FAT fsck (since /etc/fstab sets EFI system partition fs_passno to 2,
this is what's displayed for default installations)
Nov 28 12:04:21 localhost.localdomain systemd-fsck[681]: 0x41: Dirty
bit is set. Fs was not properly unmounted and some data may be
corrupt.

FAT kernel
[  205.317346] FAT-fs (vdb1): Volume was not properly unmounted. Some
data may be corrupt.
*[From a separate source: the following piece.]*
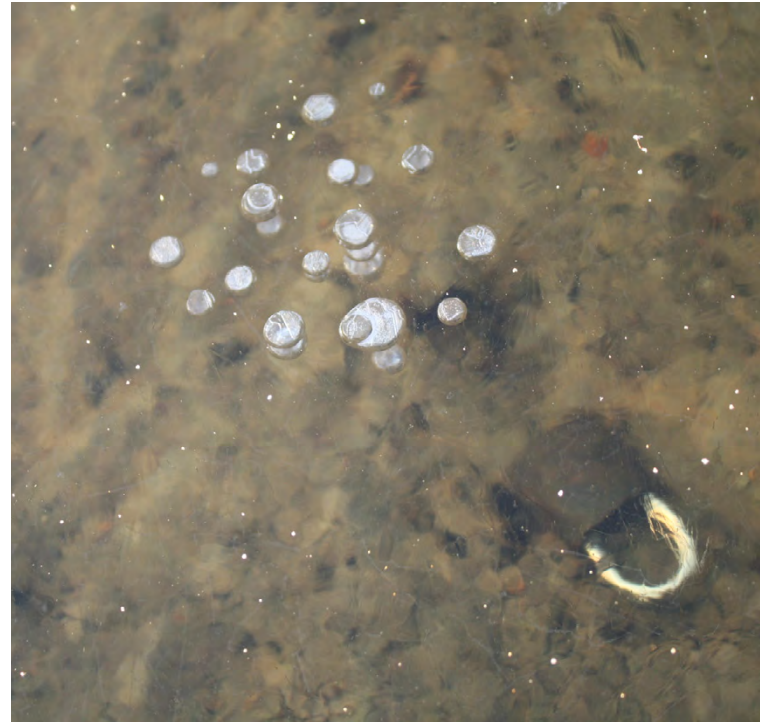
Jumala voi avata meissä syvälläkin olevat lukot.

Oli siis vielä yksi mahdollisuus. En halunnut hukkoa maailmaan.

Please run fsck.

ext4 fsck (since /etc/fstab sets /, /boot, /home fs_passno to 1 or 2,
this is what's displayed for default installations)
Nov 28 12:07:21 localhost.localdomain systemd-fsck[681]: /dev/vdb2:
recovering journal

ext4 kernel
[  316.756778] EXT4-fs (vdb2): recovery complete

XFS kernel (since /etc/fstab sets / fs_passno to 0, we should only see
this message with default installations)
[  372.027026] XFS (vdb3): Starting recovery (logdev: internal)

If the test case is constrained only to default installations, the
messages to test for:
"0x41: Dirty bit is set"
"recovering journal"
"XFS" and "Starting recovery"

If the test case is more broad, to account for non-default additional
volumes that may not be set in fstab or may not have fs_passno set,
also include:
"EXT4-fs" and "recovery complete"
"FAT-fs" and "Volume was not properly unmounted"

In each case I'm choosing the first message that indicates previously
unclean shutdown happened. Whether fsck or kernel message, they should
be fairly consistent in that I'm not expecting them to change multiple
times per year. The gotcha is, how would we know? Failure to
automatically parse for these messages, should they change, will
indicate a clean shutdown. *shrug*

>> Steps 4-7: I'm not following the purpose of these steps. What I'd like
>> to see for step 4, is, if we get a bad result (any result 2 messages),
>> we need to collect the journal for the prior boot: `sudo journalctl
>> -b-1 > journal.log` and attach to a bug report; or we could maybe
>> parse for systemd messages suggesting it didn't get everything
>> unmounted. But offhand I don't know what those messages would be, I'd
>> have to go dig into systemd code to find them.
>
>
> I think the purpose is to verify that both reboot and poweroff shut down the system correctly without any filesystem issues (which means fully committed journals and no dirty bits set).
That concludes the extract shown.